The MLA Convention session was a lively, well-attended, and illuminating one. Three of the six panelists – all professors at research universities – regularly teach at least one Shaw play in their respective courses. I was delighted to see that GBS appears to be very much in the pedagogical mix.


Like many of you, I eagerly anticipated returning to Niagara-on-the-Lake, Ontario, for the 2020 Shaw Symposium. Working with Suzanne Merriam, Senior Manager for Education at the Shaw Festival, I had begun organizing the Symposium in February. By April, however, it was becoming apparent that we would not be able to meet in person, as COVID ravaged our communities and effectively closed the US-Canada border.



Fortunately, keynote speaker Kimberley Rampersad and all the scheduled panelists were ready and willing to deliver their talks over Zoom, the online meeting platform. Each of the Bryden Scholarship winners – Ajith Francis, Tanner Sebastian, James Armstrong, and Wan Jin – delivered an excellent talk from a different time zone. They and their fellow presenters spoke to a relatively large audience: over one hundred people registered for the free event, and the sessions held on July 23-25 drew fifty or more listeners apiece. The Symposium website at www.shawsymposium2020.weebly.com remains live and provides a list of the sessions. Those wishing to access video recordings of the keynote address, the panels, and the Zoom reading of Buoyant Billions, in a wonderful adaptation by SHAW general editor Christopher Wixson, may email me directly at jennifer-buckley@uiowa.edu.


I look forward to seeing as many of you as possible in person at Niagara-on-the-Lake in 2021 – as well as those who will be joining us via Zoom. The remote attendance experiment worked so well that we have decided to retain the web platform as one way of participating in the Symposium from afar.
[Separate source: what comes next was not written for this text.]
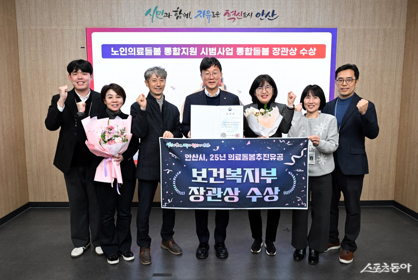 안산시(시장 이민근)는 ‘2025년 의료·돌봄 통합지원 성과대회’에서 의료·돌봄 통합지원사업 추진 유공 지자체로 선정돼 보건복지부 장관상을 수상했다(가운데 이민근 시장). 사진제공|안산시
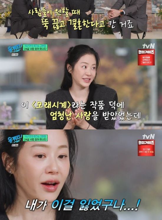 고현정은 "내가 지금 이 '모래시계'라는 작품 덕에 모두의 관심을 받고 엄청난 사랑을 받았었는데 그때 당시에 모르고 지난 거다. '내가 이걸 잃었구나. 조금 더 내 삶에 집중했으면 후회가 없었을 텐데' 그 상실이 몇 년 뒤에 저한테 훅 와서 그때 엄청 펑 뚫린 것 같았다. 저도 모르게 확 눈물이 나서 울었었다, 많이. 오랜 시간"이라며 고충을 토로했다.

The pandemic is a disaster in every way, but it has forced artists, writers, and other culture workers to experiment with digital connections of all kids. I trust that we can and will draw valuable long-term lessons from this aspect of the pandemic – and hopefully, wisdom of every urgently necessary kind.   







The Gingold Theatrical Group (GTG), headed by producer and director David Staller, continues to stage a concert reading of one Shaw play per month at Symphony Space (2537 Broadway at West 95th Street, New York City). Organized around the theme of “Seeing Clearly Through Art,” the planned productions and events of the 2020 season, the GTG’s fifteenth, were disrupted by the coronavirus (COVID-19) pandemic, but regular readings of Shaw plays (including Arms and the ManCandidaMrs Warren’s ProfessionMisalliance, Caesar and Cleopatra, and Man and Supermanby members of the company were streamed online. See www.projectshaw.com.



The annual series of summer performances of Shaw plays at Shaw’s Corner, Ayot St. Lawrence, Hertfordshire remains on hiatus, the result of a decision made by the UK’s National Trust in 2019 after 27 seasons. Unfortunately, the planned stagings of The Man of Destiny and Annajanska the Bolshevik at the Palladian Church in Ayot St. Lawrence (4-5 July 2020) by Michael Friend Productions were postponed due to the coronavirus (COVID-19) pandemic. For more information, go to www.mfp.org.uk. For a lovely photographic record of earlier performances at Shaw’s Corner, go to www.mfp.org.uk/Personal/Albumpersonal.htm.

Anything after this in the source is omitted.